TASK INSTRUCTIONS = Could you set down exactly the lines in the records below between the line holding "การประกวดโต้วาที ซึ่งนักเรียนที่เข้าร่วมโครงการฯ ให้ความสนใจ" and the line holding "急傾斜地：危険度A判定箇所", inclusive?

DATASET ENTRIES: Begin

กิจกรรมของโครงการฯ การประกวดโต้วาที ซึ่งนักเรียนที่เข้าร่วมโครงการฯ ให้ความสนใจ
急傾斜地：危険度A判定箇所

DATASET ENTRIES: End
DATASET ENTRIES: Begin

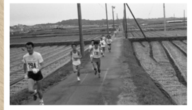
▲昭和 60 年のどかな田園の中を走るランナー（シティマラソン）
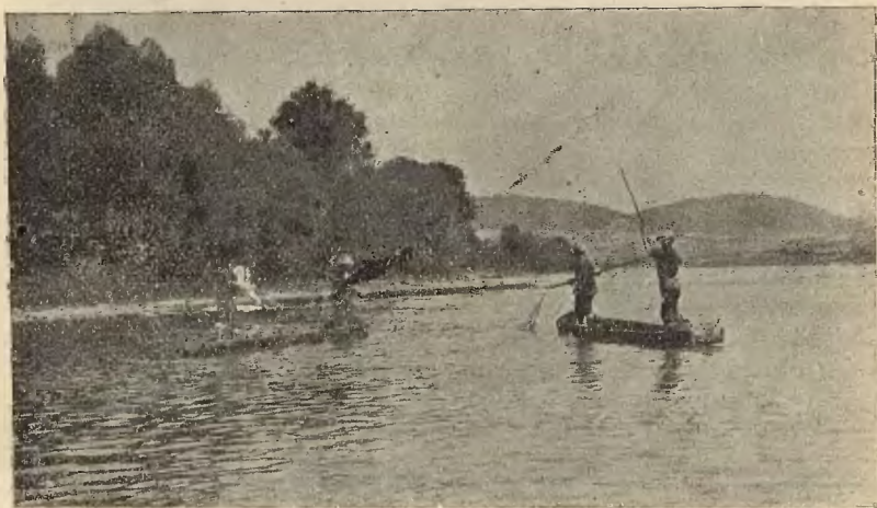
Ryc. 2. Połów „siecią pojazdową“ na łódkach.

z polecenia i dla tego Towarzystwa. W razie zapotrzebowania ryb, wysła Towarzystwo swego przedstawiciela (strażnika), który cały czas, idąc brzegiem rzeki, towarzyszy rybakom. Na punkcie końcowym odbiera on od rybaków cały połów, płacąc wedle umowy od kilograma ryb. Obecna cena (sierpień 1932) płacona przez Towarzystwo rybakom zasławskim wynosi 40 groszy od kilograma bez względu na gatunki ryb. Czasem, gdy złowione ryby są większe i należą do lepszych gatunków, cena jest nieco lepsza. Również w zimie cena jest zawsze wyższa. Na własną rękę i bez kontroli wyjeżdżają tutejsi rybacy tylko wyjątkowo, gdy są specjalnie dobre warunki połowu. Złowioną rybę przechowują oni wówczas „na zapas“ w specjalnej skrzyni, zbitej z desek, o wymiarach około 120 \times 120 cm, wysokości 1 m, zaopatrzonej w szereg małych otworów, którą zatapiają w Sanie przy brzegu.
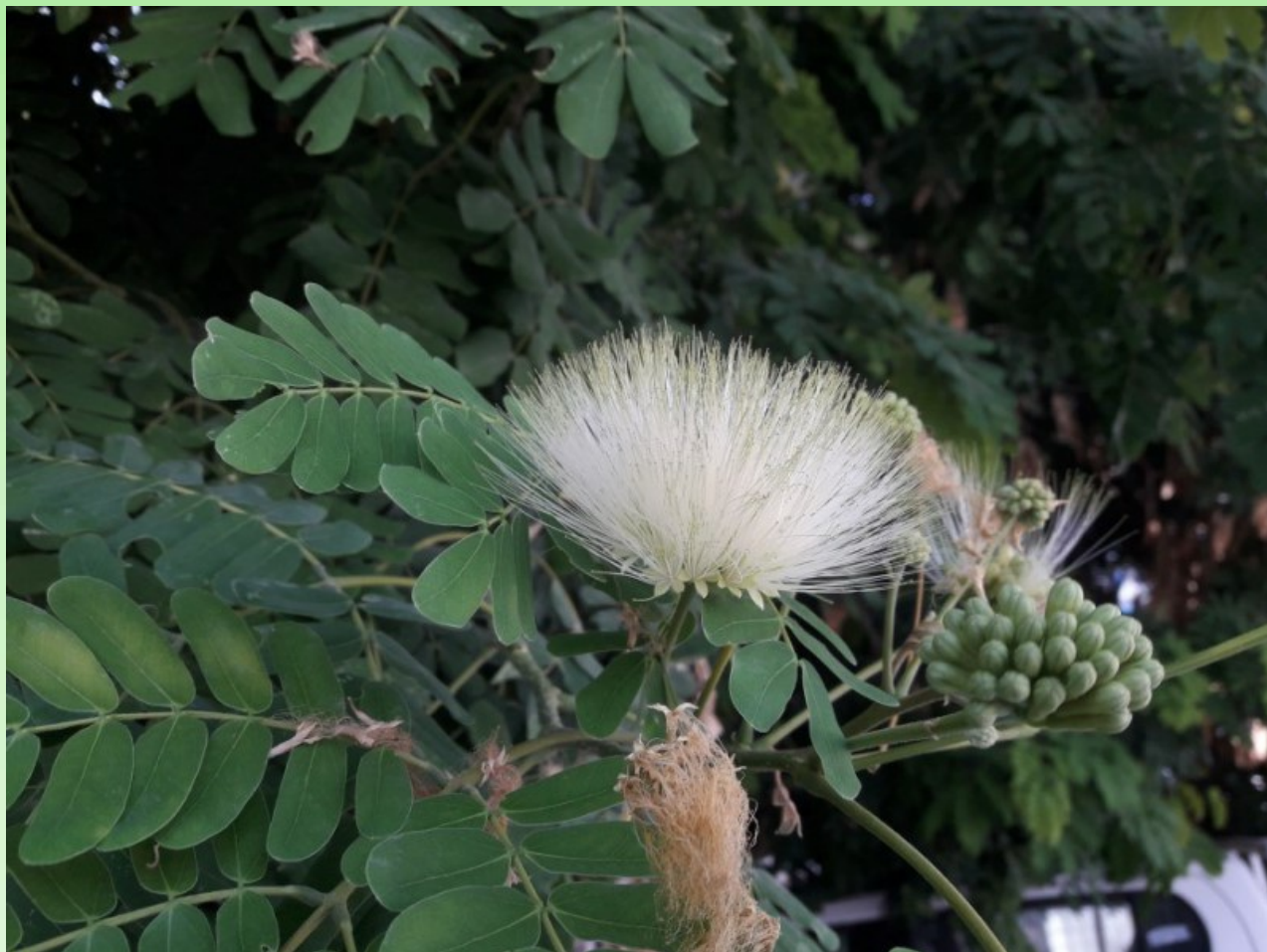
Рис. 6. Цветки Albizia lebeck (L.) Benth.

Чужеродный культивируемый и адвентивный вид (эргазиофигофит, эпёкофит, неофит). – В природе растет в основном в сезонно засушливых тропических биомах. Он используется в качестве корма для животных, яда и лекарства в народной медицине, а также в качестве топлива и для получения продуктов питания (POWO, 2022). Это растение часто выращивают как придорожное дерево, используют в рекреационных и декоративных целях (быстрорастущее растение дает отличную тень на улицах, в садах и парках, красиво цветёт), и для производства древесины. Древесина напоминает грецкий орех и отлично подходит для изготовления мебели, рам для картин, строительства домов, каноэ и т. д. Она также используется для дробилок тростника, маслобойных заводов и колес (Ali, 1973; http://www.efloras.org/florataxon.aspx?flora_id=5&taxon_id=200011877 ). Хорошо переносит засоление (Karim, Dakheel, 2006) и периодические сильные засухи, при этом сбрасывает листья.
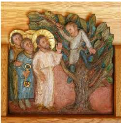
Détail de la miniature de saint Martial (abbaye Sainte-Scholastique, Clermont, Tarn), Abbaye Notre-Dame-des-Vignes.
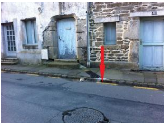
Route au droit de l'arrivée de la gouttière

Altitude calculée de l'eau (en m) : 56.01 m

DATASET ENTRIES: End
DATASET ENTRIES: Begin

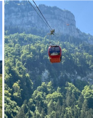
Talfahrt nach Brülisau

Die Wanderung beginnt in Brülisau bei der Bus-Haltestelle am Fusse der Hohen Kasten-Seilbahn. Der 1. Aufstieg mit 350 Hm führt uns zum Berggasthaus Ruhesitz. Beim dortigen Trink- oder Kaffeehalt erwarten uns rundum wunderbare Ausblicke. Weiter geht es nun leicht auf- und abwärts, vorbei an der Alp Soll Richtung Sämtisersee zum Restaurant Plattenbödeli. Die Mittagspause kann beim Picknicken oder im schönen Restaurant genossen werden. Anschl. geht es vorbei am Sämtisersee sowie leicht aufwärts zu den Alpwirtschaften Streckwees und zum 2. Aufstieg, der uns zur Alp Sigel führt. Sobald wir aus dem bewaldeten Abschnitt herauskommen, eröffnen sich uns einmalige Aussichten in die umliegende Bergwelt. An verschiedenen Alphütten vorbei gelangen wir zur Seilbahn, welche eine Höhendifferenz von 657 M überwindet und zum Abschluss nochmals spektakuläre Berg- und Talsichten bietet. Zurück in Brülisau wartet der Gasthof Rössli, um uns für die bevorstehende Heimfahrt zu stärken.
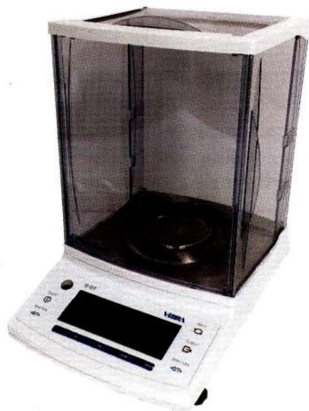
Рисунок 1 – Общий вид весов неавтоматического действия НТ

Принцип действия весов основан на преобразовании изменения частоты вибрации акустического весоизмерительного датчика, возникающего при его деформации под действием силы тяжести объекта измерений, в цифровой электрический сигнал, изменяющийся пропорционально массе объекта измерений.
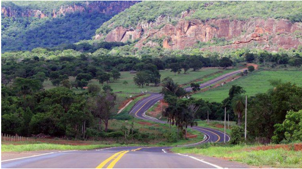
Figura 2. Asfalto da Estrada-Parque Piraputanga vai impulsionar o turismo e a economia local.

DATASET ENTRIES: End

REPLY TO THE EXERCISE =
กิจกรรมของโครงการฯ การประกวดโต้วาที ซึ่งนักเรียนที่เข้าร่วมโครงการฯ ให้ความสนใจ
急傾斜地：危険度A判定箇所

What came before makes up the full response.